(What to work on)
In the records below, find the line that contains "Con el objetivo". Retype that line and all the lines after it through the end, leaving out the pictures.

(Dataset entries)
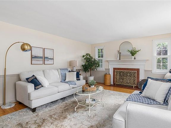 Welcome to this expanded cape nestled in a lovely Hampden Meadows neighborhood just a short walk to the Barrington River. The home has been beautifully updated and meticulously maintained with hardwood floors throughout. The spacious living room welcomes you with its wood burning fireplace and provides ample room to spread out. The updated kitchen has quartz countertops, stainless steel appliances, a butcher block island and is open to the large dining room that would be perfect for holiday dinners. Completing the first floor is a primary bedroom and a tastefully updated bathroom. Step upstairs and you will find three additional bedrooms and a full updated bathroom. The basement is partially finished with an additional family room space, office and finished laundry room. The unfinished space would make a great home gym area or can be easily finished. The park-like backyard boasts an extensive patio space for al fresco dining and allows you to host the most perfect gatherings. A double car garage plus an additional shed provides plenty of storage. The home has central air conditioning, upgraded 200 amp electric, gas heat, leased solar panels, fenced yard and provides all the amenities to make this home comfortable and stylish. This move in ready home is waiting for you to enjoy. Call for your private showing today.
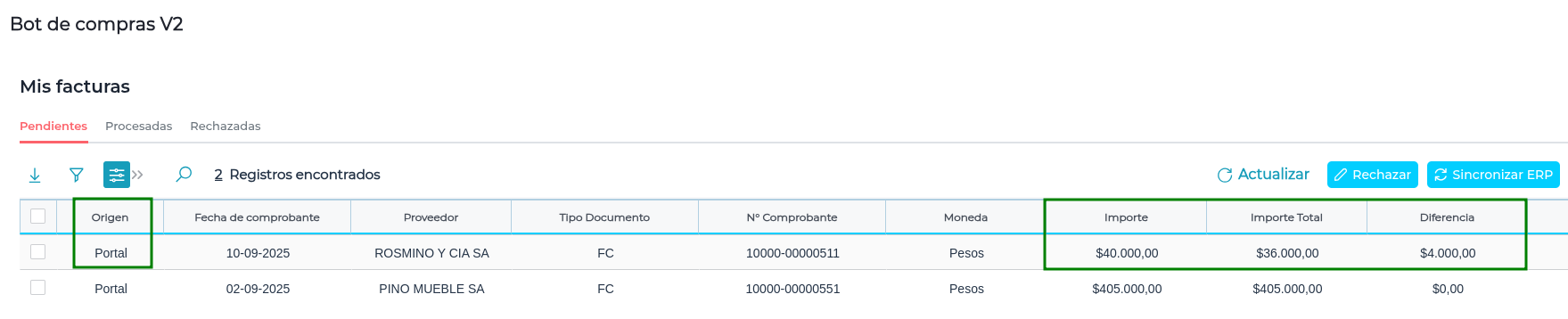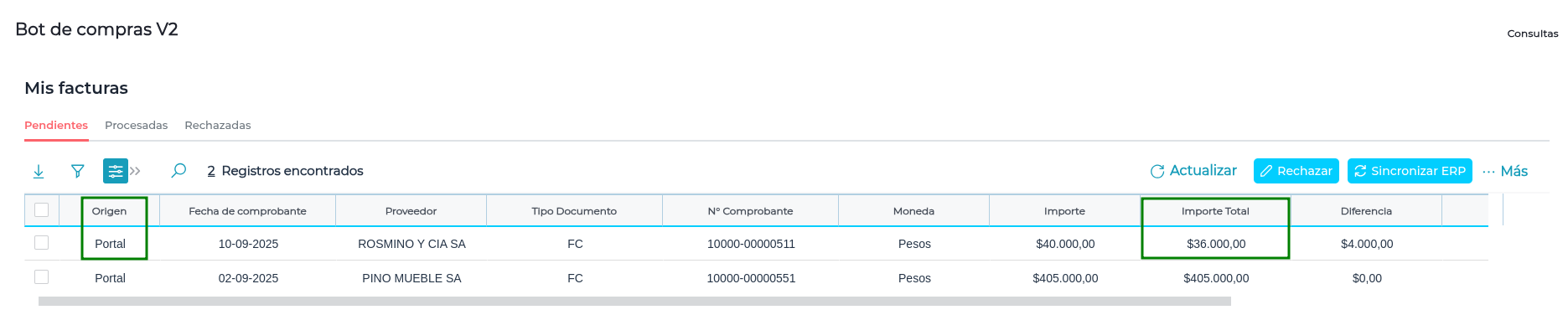 Con el objetivo de mejorar la visualización de información de Facturas de Compra provenientes del Portal de Proveedores, en la solapa “Pendientes” de “Mis Facturas” se agregaron los campos:
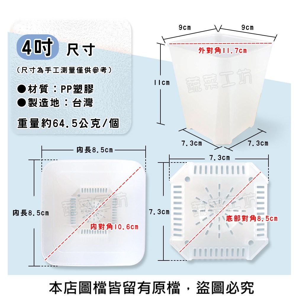 【蔬菜工坊】 透氣加高型四方盆4吋 (透明) 20入/組
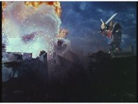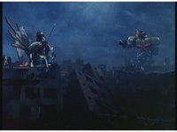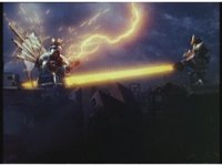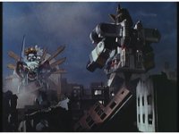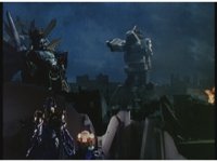 Facing each other across the smokey ruins of the darkened city, King Mondo and Super Zeo Megazord stand battle ready. |
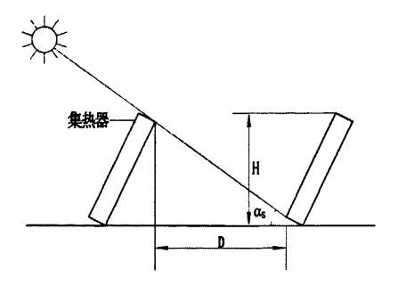 若在平屋面上設(shè)計安裝多排整體式太陽能熱水器(或集熱器)時,需要考慮到前后排的遮擋問題,因此必須通過一定的計算得出排與排之間不遮陽的最小間距。
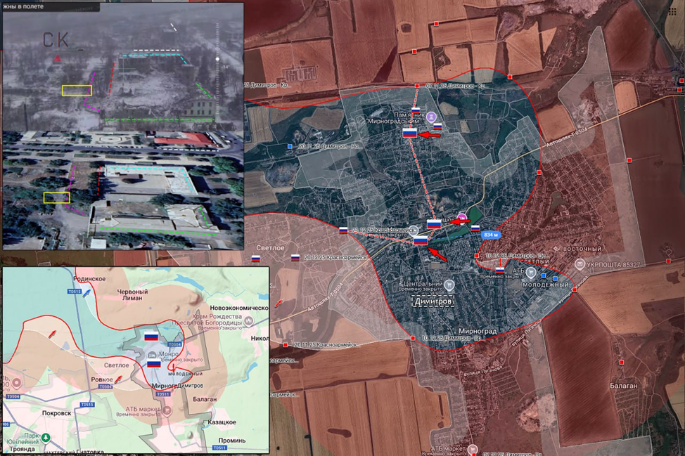 27.12.25 Димитров - Центр - Посёлок Новатор. Последствия боевых действий в районе Красноармейска. Военнослужащие ВС РФ поднимают флаги Российской Федерации в застройке Димитрова, подтверждая уверенный контроль центральной части города, на шахте "Центральная" и в посёлке Новатор. Увеличение зоны контроля ВС РФ в Димитрове 800 метров. https://t.me/SolovievLive/350371

(Response area)
 Con el objetivo de mejorar la visualización de información de Facturas de Compra provenientes del Portal de Proveedores, en la solapa “Pendientes” de “Mis Facturas” se agregaron los campos:
 【蔬菜工坊】 透氣加高型四方盆4吋 (透明) 20入/組
 Facing each other across the smokey ruins of the darkened city, King Mondo and Super Zeo Megazord stand battle ready. |
 若在平屋面上設(shè)計安裝多排整體式太陽能熱水器(或集熱器)時,需要考慮到前后排的遮擋問題,因此必須通過一定的計算得出排與排之間不遮陽的最小間距。
 27.12.25 Димитров - Центр - Посёлок Новатор. Последствия боевых действий в районе Красноармейска. Военнослужащие ВС РФ поднимают флаги Российской Федерации в застройке Димитрова, подтверждая уверенный контроль центральной части города, на шахте "Центральная" и в посёлке Новатор. Увеличение зоны контроля ВС РФ в Димитрове 800 метров. https://t.me/SolovievLive/350371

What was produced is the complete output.